The friends both follow the Sikh religion, a faith with more than 21 million followers, making it the fifth-largest religion worldwide. Adherents are forbidden to cut any hair on their bodies. Instead, the men wrap it inside a patka, or turban, and secure it in a knot on the top of their heads. This is a visible tribute to their maker, an outward symbol of the perfection of God’s creation. It also makes them easily recognizable as Sikhs, and, to some Sikh youth, that visibility is precisely the problem.
“I’m certain I will grow my hair out and wear a turban,” Sonu said. “But not now – maybe when I’m old, like 30.”

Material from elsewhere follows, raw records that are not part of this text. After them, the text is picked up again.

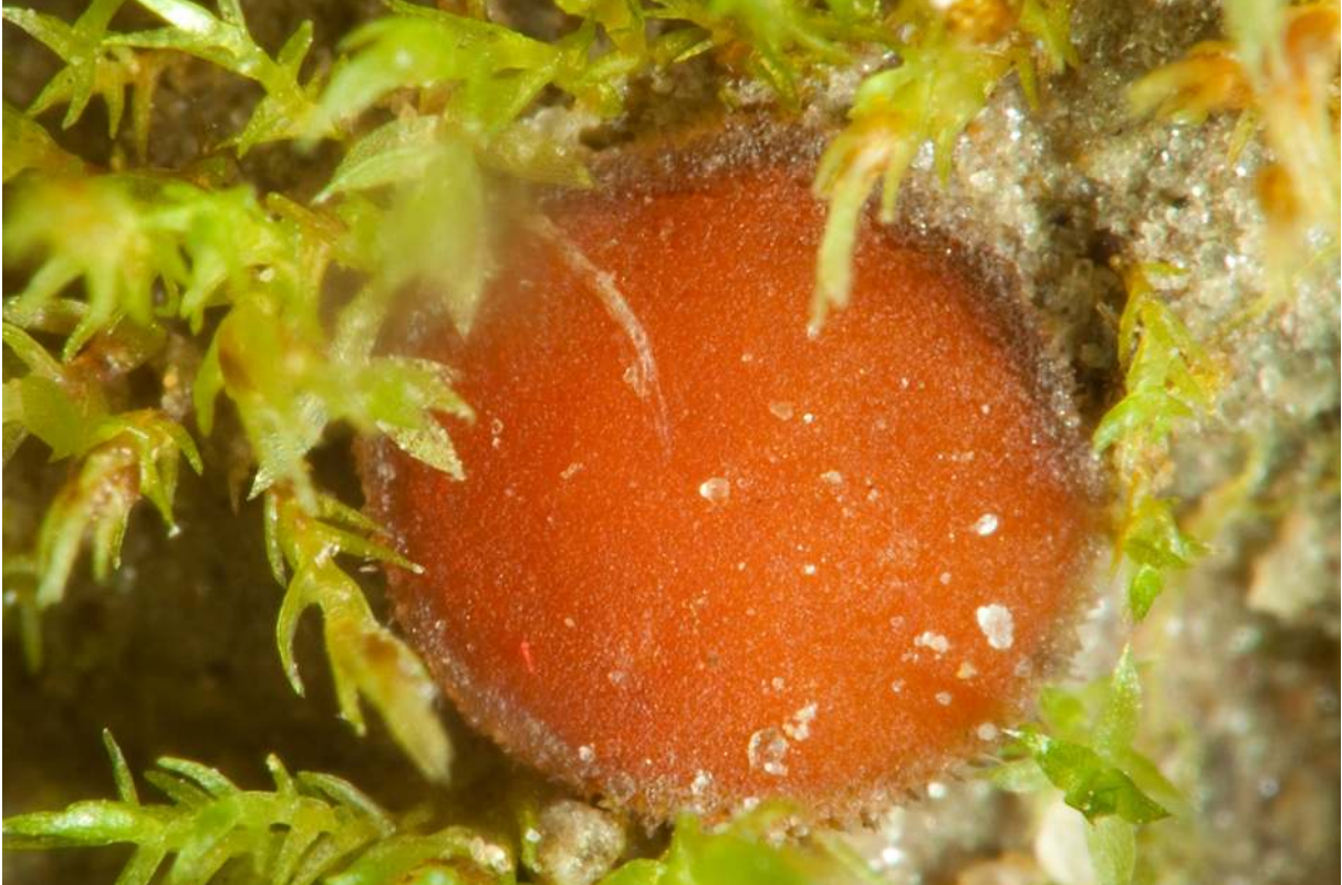
Fig. 13 Ascoma of Scutellinia torrentis (Rehm) T. Schumach. from the Bieszczady Mts (Aug 2, 2011).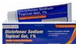
Diclofenac Sodium Topical Gel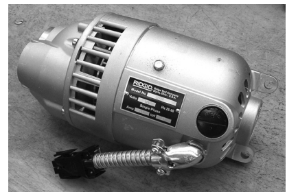
Figure 3 – RIDGID Universal Motor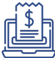
Medical Billing Companies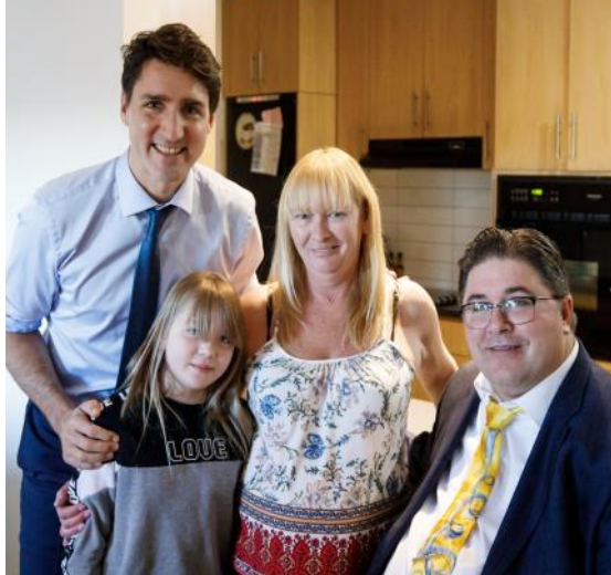
Building more affordable housing for Calgarians.

And funding local organizations like the Boys and Girls Clubs of Calgary, Kerby Centre, Horizon Housing Society, and Calgary Immigrant Women's Association.

Sonu and Manjinder embody a larger tension within the Sikh community – the internal dilemma among children to remain true to their faith while still fitting in with their peers. After the terrorist attacks of September 11, 2001, some Sikhs simply do not want to stand out. Incidents of harassment and discrimination towards Sikhs students have increased dramatically since then, as they are frequently mistaken for Arabs, Iranians or Afghans because of their turbans. The problem extends beyond Richmond Hill, a place with the largest concentration of Sikhs in New York, with reports coming from all corners of the United States and in other countries around the globe.